With Hyrule Warriors around the corner, I was surprised at the lack of experience of most of you with Koei’s flagship franchise. Well… given the relative limited mainstream success and critical acclaim and sheer number of sequels made despite this absence of popularity, it might be closer to the company’s paddleboat ( or pédalo if you will). In fact, the more I thought about it, the more I realized this series really embodies the spirit of a paddleboat. Navigating at a slow pace, unable to move faster no matter how fast you pedal/press “x.” Everywhere you look water/soldiers, barely hindering your progress. You can go co-op to have at least someone to talk to while you’re grinding away. Most of the paddleboats/characters you see do look kind of good in their goofy way, but I’m always surprised they’re viable choices to sail on a lake / fight on a battlefield. You see my point.

Anyway, the most important parallel between the Warriors games and a paddleboat remains the calm nature of the activity. You turn your brain off and enjoy the ride. That’s why I think most people will enjoy Hyrule Warriors. But I’m not here to talk about new games being released, am I? I’m here to give you a crash course of the Dynasty Warriors series so you know what to expect when you eventually give in to that Zelda game lust, like me… at a paddleboat show. Hmmm… paddleboats…

Hmmmm… Sexy.

So, back to Dynasty Warriors. Originally released on the Playstation, this series didn’t see anyone (by anyone, I mean me) care until the third installment on the Playstation 2. The series takes place (Yes, all 8 games) in the ancient China era of… a while ago. At that time, 3 countries rose from the dust of their very prosperous noble rich background and, with the help of thousands of peasants who owned their asses to them, built an army, dividing the kingdom in three. That era was called the Three Kingdoms era. In fact, author Luo Guanzhong retold those tales in a romanticized way in the book “Romance of the Three Kingdoms.” Think of it as China’s historical Soap Opera. Betrayal, love and passion afoot! In the end, the three Kingdoms fought together and against each other and the winner was… well… whatever Kingdom you choose in the game.

Usually, the winner is the one who starts the fire.

As a quick gaming history fact, it’s important to note that this universe came before the Warriors games in the form of the strategy games: Romance of the Three Kingdoms. These games played out the actual wars using a gameplay mixed between Warcraft and Master of Orion. You know, the kind of games that play better on a PC solely because of the convoluted user interface. Playing these games with a controller will put you less at ease than Mallow at a campfire. In short, there’s really no reason to talk about them.

This UI just screams : “Port me on a PC!”

It’s clear that the main interest of the Dynasty Warriors series is the beat ’em up aspect anyway. Hence why Nintendo and Koei are using the Dynasty series as an influence in more ways than one. The Hyrule Warriors trailers showed a lot of elements reminiscent of Koei’s traditional approach. Here area few of them:

Tolerated Genocide: You can wipe out entire races off the map, but it’s okay because they’re the bad guys. The best part? You’re considered brave for doing so.

I admire your remorseless taste for blood!

12 year old girls fighting with ridiculous weapons: Because, once they marry someone strong, their “war” fans seem to possess a lot of magic. (Or everybody runs from them to avoid prison.)


Endless stages: By endless, I don’t mean new ones. Mostly the same scenarios and battles over and over again with different characters and ways to provoke aforementioned genocide.

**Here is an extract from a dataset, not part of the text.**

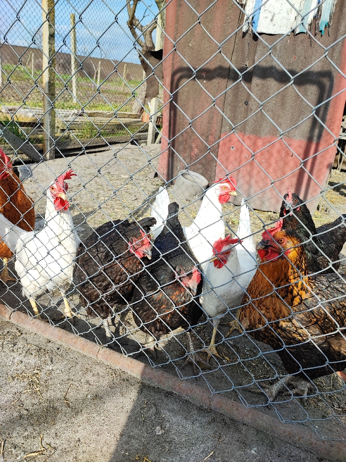 The image depicts an outdoor scene in Musachevo, Bulgaria, observed through a chain-link fence. Seven domestic chickens are visible within an enclosure. From left to right, the chickens include one reddish-brown, two white, and four black/dark brown birds. All chickens are standing on a dirt ground covered with scattered debris and dry organic matter. Their heads, combs, and wattles are clearly visible through the fence mesh. In the mid-ground, behind the chickens, is a weathered, reddish-brown corrugated metal panel, possibly part of a structure, with a blue and white striped fabric hanging over its top edge on the right. To the left of this panel, a light-colored wooden post is visible. The ground appears uneven, with patches of sunlight and shadow. The background shows an open, undeveloped field under a clear blue sky, suggesting an agricultural or rural setting. Distant trees or vegetation lines are discernible on the horizon. A second wooden post is visible further back in the field. The lighting indicates a sunny day, casting shadows from the fence onto the ground in the foreground. No people are present.

The circle of repetitiveness

Two sides to every medal: With Ganondorf confirmed, you know you’ll be able to play as the “villain” in Hyrule Warriors. In the Dynasty Warriors series, the “villain” is often playable too. They may not all want world domination like Ganondorf, but one guy did kill his adoptive father…. twice. That counts for something, right?

Heh. Doesn’t look THAT evil.

And so forth. In fact, the only thing that won’t be making a comeback is horribly misplaced voice acting by voice actors who don’t deserve to represent such magnificent beards. In any case, for the 6 people still reading to get relevant information on the game, know that your playthrough, if strongly inspired by Dynasty Warriors, will most likely look and sound like the following description.
You start off in a typical stage, able to easily fight off normal difficulty enemies, but completely powerless against hard difficulty enemies. Nobody really gives you much of a challenge, but it’s good enough to learn the basics. Remember those basics, because you will more than likely redo this stage for every character. For a quick reminder on the basics, here’s a quick visual help.

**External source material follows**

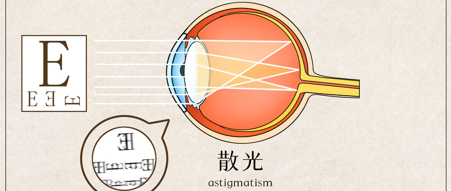 之所以會形成散光,是因為眼球在不同方向上有著不同的屈光力,導(dǎo)致平行光線經(jīng)過眼球折射后,無法在視網(wǎng)膜上聚焦于同一點,所以眼睛無法聚焦,看東西就會出現(xiàn)模糊和重影。

As the stages progress, you’ll grab some better weapons and items that will enable a longer combo. This might prove the most useful upgrade as you will now be able to press “square-square-square-square” instead of “square-square-square.” Don’t forget it will also increase the length of your Musou or whatever they’ll call it. A Musou is a special attack you can do when a gauge is filled. It is quite useful against stronger enemies, but usually wasted to clear a group of weaker ones because it IS funnier that way.

I like seeing them fly away

Anyway, you’ll spend the next few fights gaining territory, fighting against enemy factions feeling mostly engaged in the story despite the lack of logic in it all (or skipping the story on your second playthrough). When people start dying instead of running away, that means the actual final battle is near. When completed, you will ask outloud: “Done already?” and you’ll start over 10 or so times depending on the value of x in the following code:

function playWarriorsGame;

Character number = x
while (x>0)
    if (campaignComplete == true)
    end if;

end function;

#Now we wait for people to call bullshit on most of my code being in mixed programming languages I can’t remember.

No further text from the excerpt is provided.